Mas sua fisionomia é de tristeza, o rosto varonil, uma abundância extraordinária de barba, e uma atitude de Prelado de altíssimo poder, ou de Chefe da religião verdadeira. Muito mais do que isso, de Messias. No meio da multidão que o acompanhava, percebe-se uma ou outra pessoa com a auréola da santidade. O próprio Jesus está coroado por um aro muito definido. É, em grau infinito, o primeiro e o maior de todos os Santos, fonte e causa de todas as santificações.

Mais adiante, depois de lindíssimas pinturas como a Ressurreição de Lázaro, vem a Crucifixão e Morte de Nosso Senhor, o quinto mistério doloroso do Rosário. Jesus, pregado ao madeiro, está lívido, tendo exalado seu último suspiro. Santa Maria Madalena, identificada pelos longos cabelos soltos, oscula-Lhe os pés. A um canto vê-se Nossa Senhora, amparada por São João Evangelista e por uma das santas mulheres. No lado oposto aparece uma parte da multidão que deseja assistir ao acontecimento. O céu está povoado de Anjos cantando a glória do Divino Redentor. E enquanto os outros presentes sentem apenas dor e vergonha, Maria Santíssima, embora abalada, permanece de pé, com força e determinação. Imaculada, cheia de graça e de amor a Deus, era capaz de refrear em alguma medida sua própria dor, de maneira a servir de consolo e sustentação para os que, neste momento sumamente trágico, claudicassem na fé e na certeza da Ressurreição.

São alguns episódios da Paixão segundo Giotto, uma das obras-primas da piedade católica.

Para mim, esse face-a-face entre Nosso Senhor e Judas é das coisas mais espantosas que um pincel humano tenha pintado. Nosso Senhor está sério e olhando Judas até o fundo da alma. E este procura mentir. É a verdade eterna e subsistente, encarnada, que olha para um homem falso. E Judas, que procura tornar a mentira dele aceitável, abraça Nosso Senhor e O olha com ares de quem pretende ser um grande amigo. Nosso Senhor o fita e lhe diz: “Judas, é com um ósculo que trais o Filho do Homem?” Nosso Senhor recebe com paciência esse beijo imundo, acompanhado  provavelmente de um mau odor asqueroso, cheiro do inferno. Judas nada responde à pungente pergunta do Mestre. Ele trai o Filho de Deus. Depois disso, se porá a delirar e a correr de um lado para outro, até cometer o suicídio.

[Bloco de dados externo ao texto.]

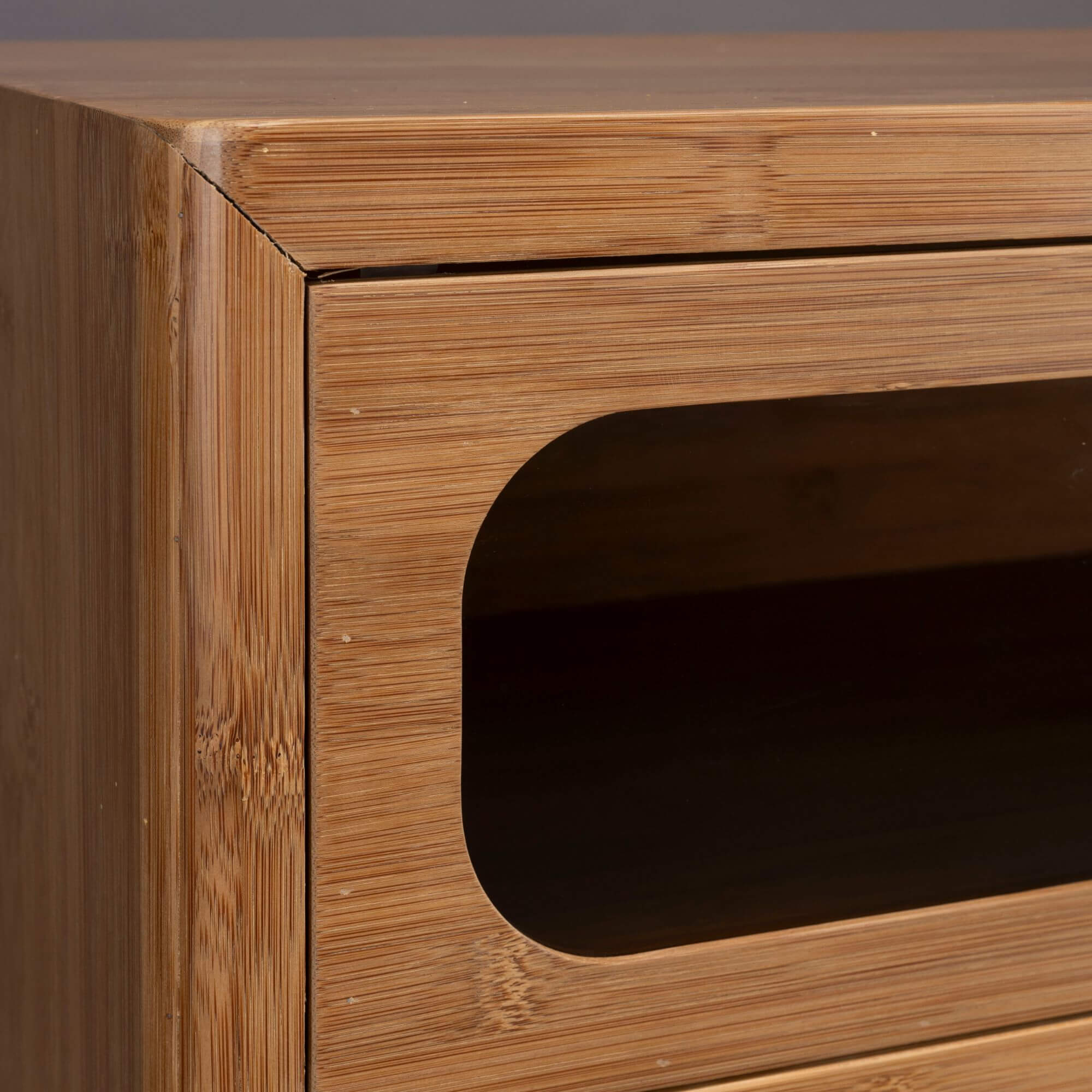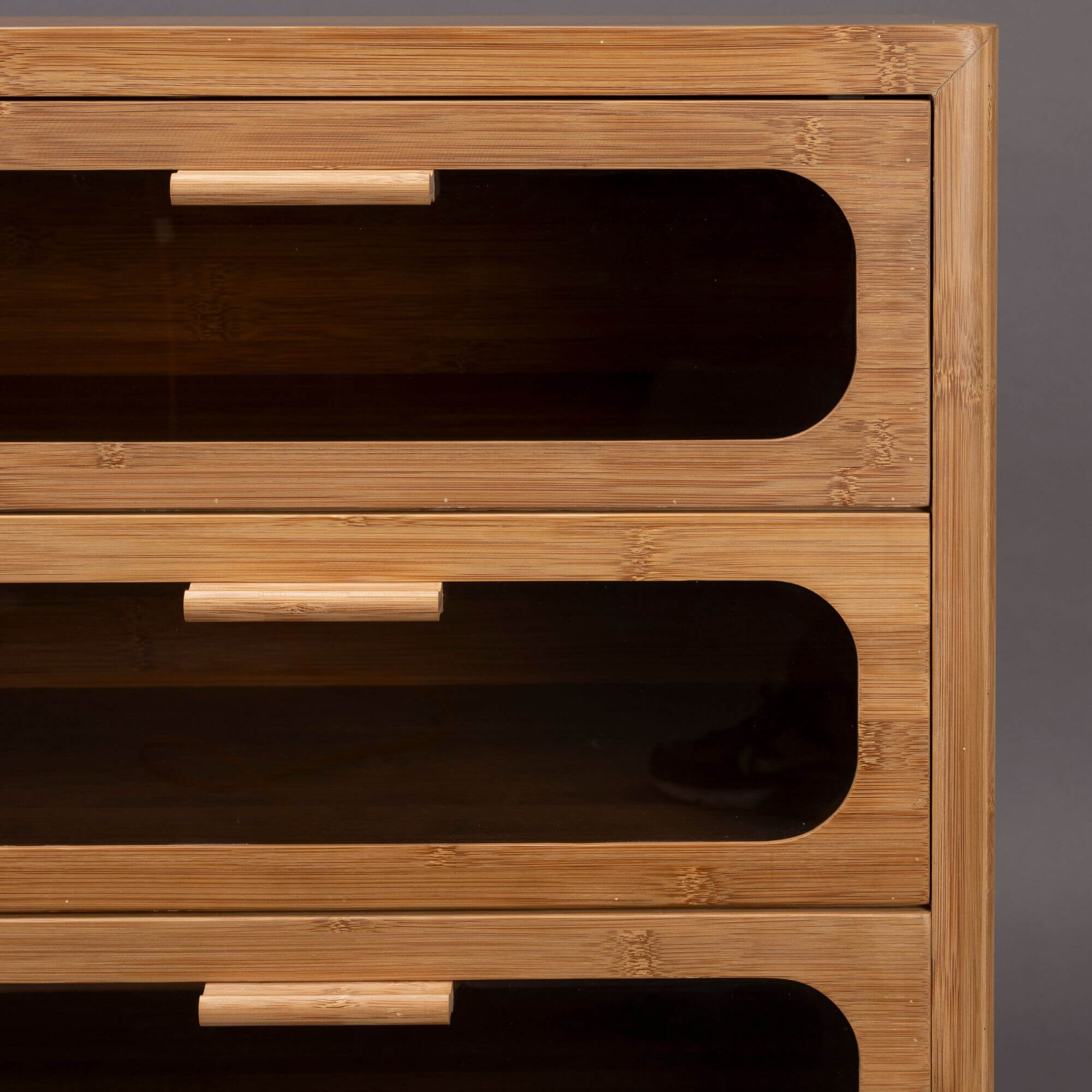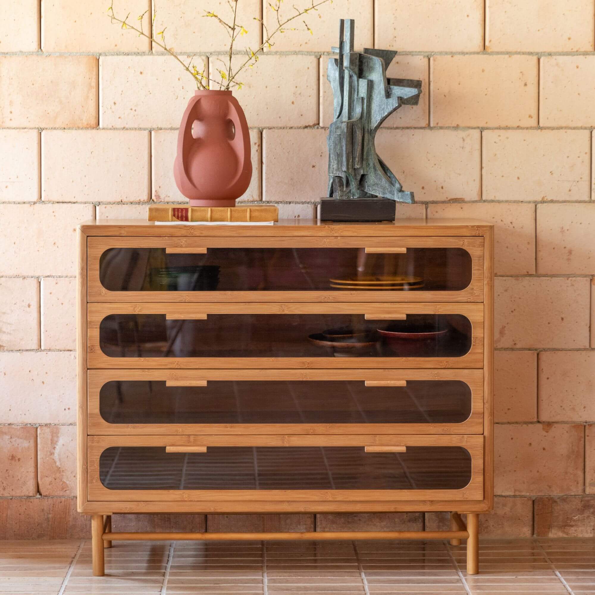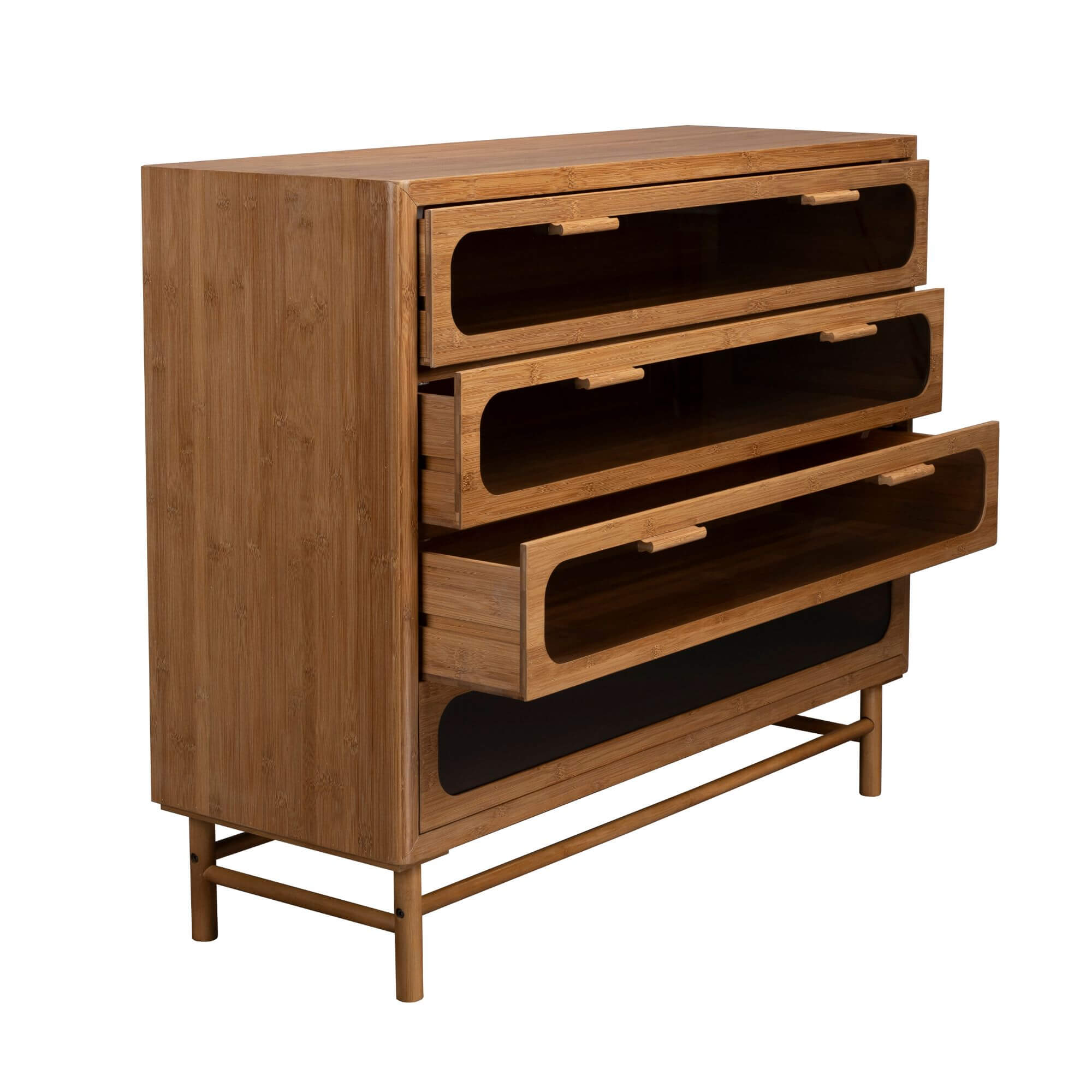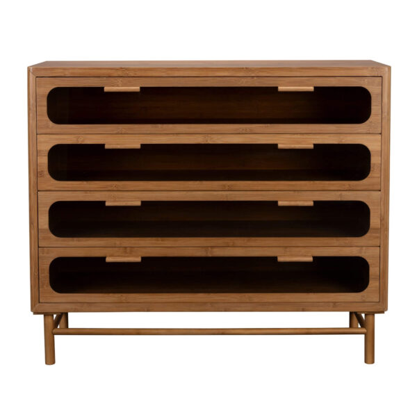 Cette sublime commode transforme votre espace en un lieu chaleureux et raffiné. Fabriquée en bambou carbonisé, elle se distingue par ses formes arrondies et ses coins adoucis. Ses tiroirs et portes sont ornés de verre fumé, rappelant le style des années 70 pour une touche subtilement rétro. Offrant un espace de rangement généreux et un design unique, cette commode est parfaite pour un intérieur cosy et élégant.

Nesta cena, Giotto quis representar em Nosso Senhor Jesus Cristo o sumo de todos os predicados intelectuais e morais. E em Judas, o sumo de todas as abjeções. Daí os recursos de que ele se serviu. Primeiro, a diferença entre as duas cabeças. A de Nosso Senhor é provida com certa largueza de cabelo, digna, composta, sem espalhafato. A de Judas, pelo contrário, está coberta com uma grenha suja, abundante, que ele procurou pentear bem antes de cometer seu crime infame, a fim de que nada atrapalhasse o “bom negócio” que ia fazer. Era preciso que tudo se passasse com ares de cordialidade.

Então, ele se enfeitou. Mas é patente a desordem capilar dele em contraste com a proporção e a ordenação adequada dos cabelos de Nosso Senhor. A barba do Divino Mestre é de boas dimensões, dispondo-se belamente em cima da pele, com muita mesura e harmonia. O mesmo deve-se dizer do bigode. Já a barba de Judas é feita de uns fios raros, formando arquipélagos peludos em certos lugares do rosto, confundindo-se com a própria carnatura, e mais nada. Além disso, a parte que vai do alto da maçã do rosto até o queixo é enormemente desenvolvida em comparação com a de Nosso Senhor, em quem tudo é proporcionado.

Judas dá a impressão de uma gulodice sórdida e horrorosa. Nosso Senhor, a de uma austeridade delicada e verdadeiramente divina.